# Honey Barrel



## Akademee (Apr 5, 2020)

If its a good, new, food grade barrel you should not need a liner. Is the barrel not food grade or has it been used? If the liner is required to make your set up food safe I would avoid that. The liner is not going to make your storage more food safe if you are already using a proper set up.


----------



## Dandroid (5 mo ago)

It is one of these barrels:









Plastic Drum - 55 Gallon, Closed Top, Blue S-10757BLU - Uline


Excellent for indoor or outdoor use. Corrosion free, dent-resistant polyethylene. 55 gallon stores up to 870 lbs. of liquids and solids. Two 2" openings to pour and vent. FDA compliant resins.ULINE offers over 38,500 boxes, plastic poly bags, mailing tubes, warehouse supplies and bubble wrap for...




www.uline.ca





Says FDA materials. Curious if you think it would be strong enough to hold 55 gallons of honey?

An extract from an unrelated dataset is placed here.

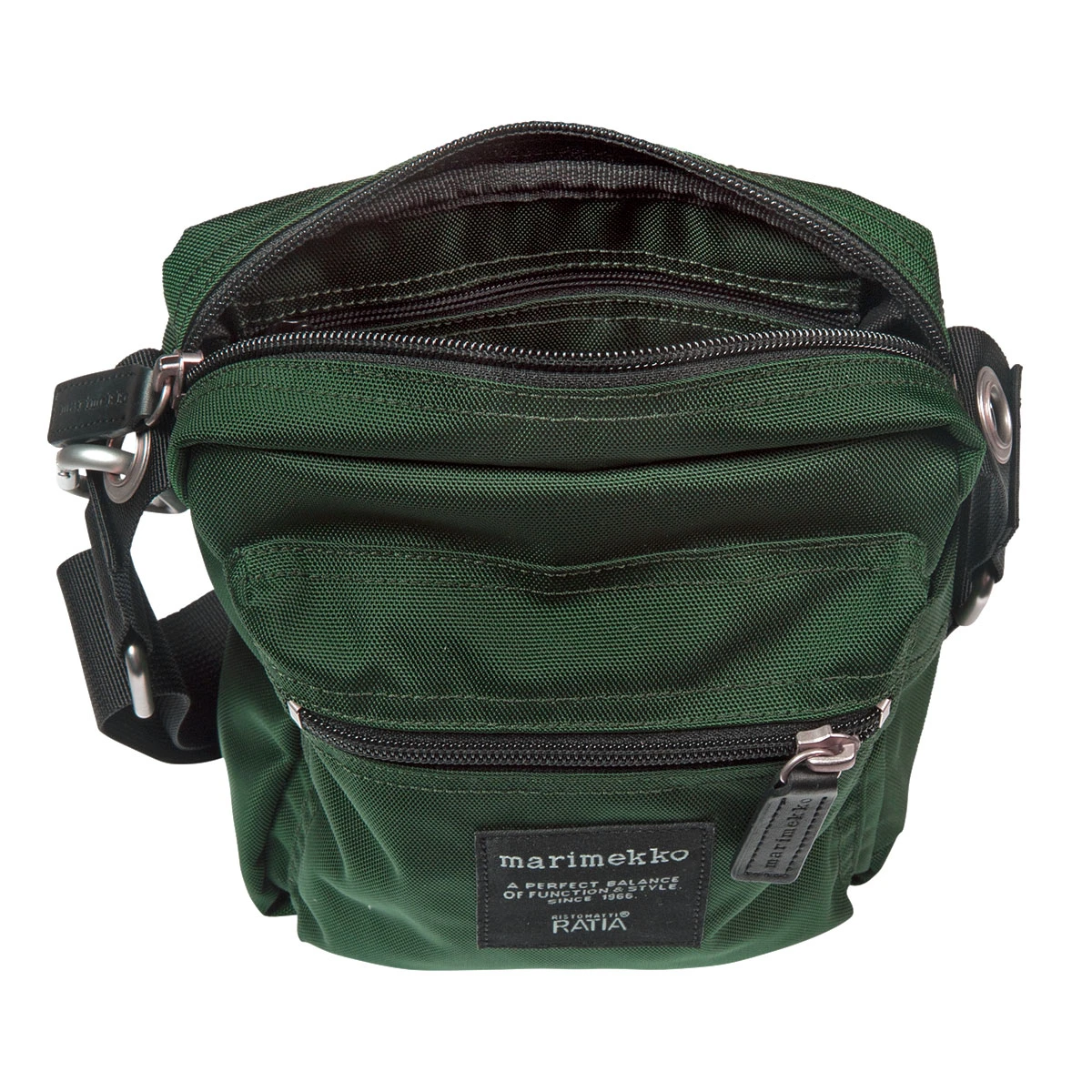 Travel and trail blaze with ease with the Marimekko Cash & Carry Bag in dark green. Equipped with side pockets, front zipper closure and interior pockets with zipper closure, all of your items will be safe and secure in this durable and versatile bag. The adjustable strap allows for ultimate comfort and the attached carabiner allows for added cargo.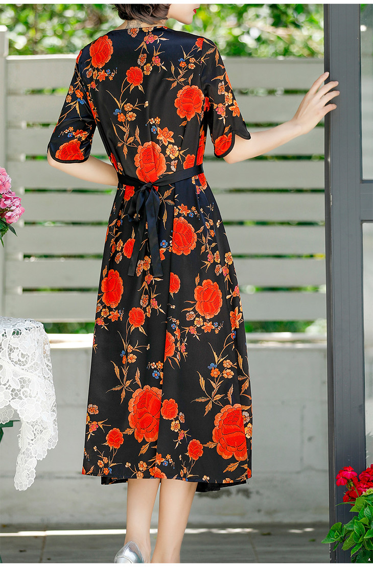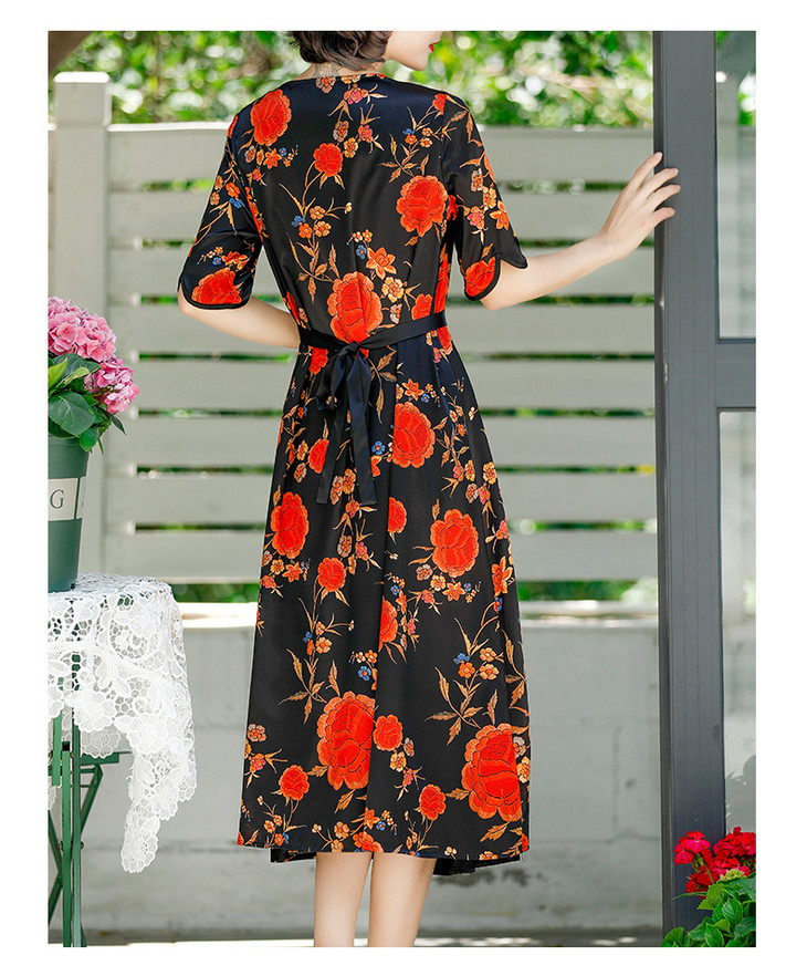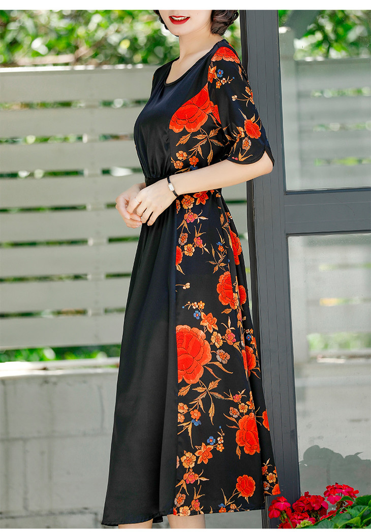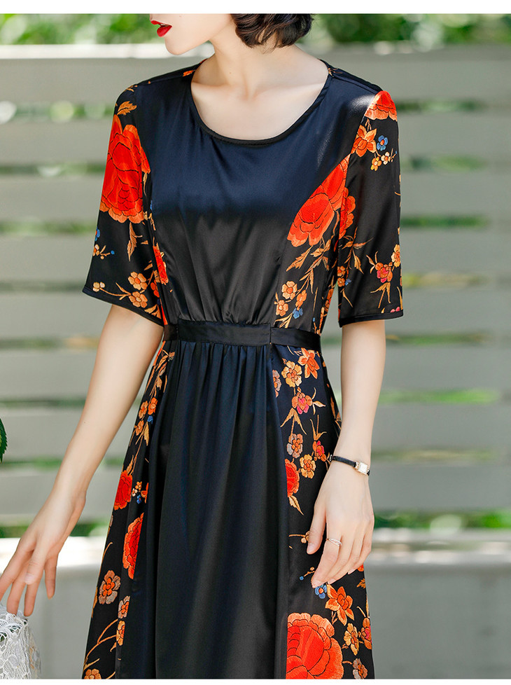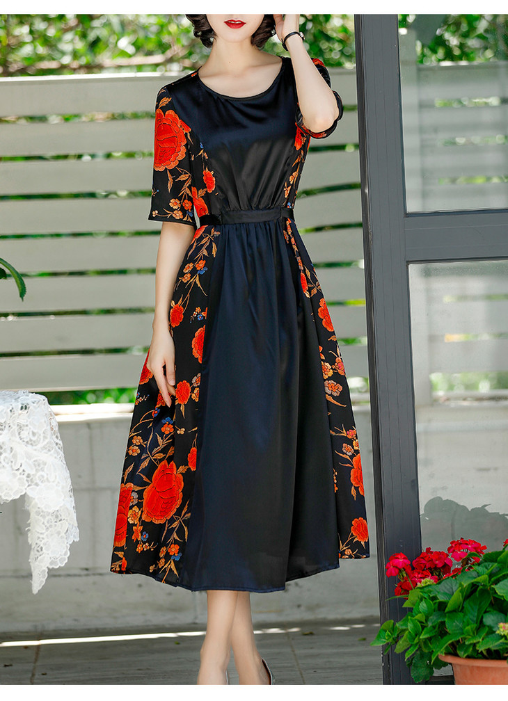 NYT-2017原创印花连衣裙真丝A字裙收腰显瘦长裙

Guess if you really clean it you don't need a liner?


----------



## Akademee (Apr 5, 2020)

FDA Compliant is usually synonymous with food grade, just wash it out a bunch to get things like release agents off of it.


----------



## Duck River Honey (Mar 12, 2021)

No experience personally, but when I interviewed Bob Binnie at Blue Ridge Honey Company he told me two things:

1. He prefers not to store honey long term in plastic. 
2. He uses no barrel liners. Said they were a pain.


----------



## Vance G (Jan 6, 2011)

You really need drum top honey barrels. How are you going to get to the honey once it crystalizes?


----------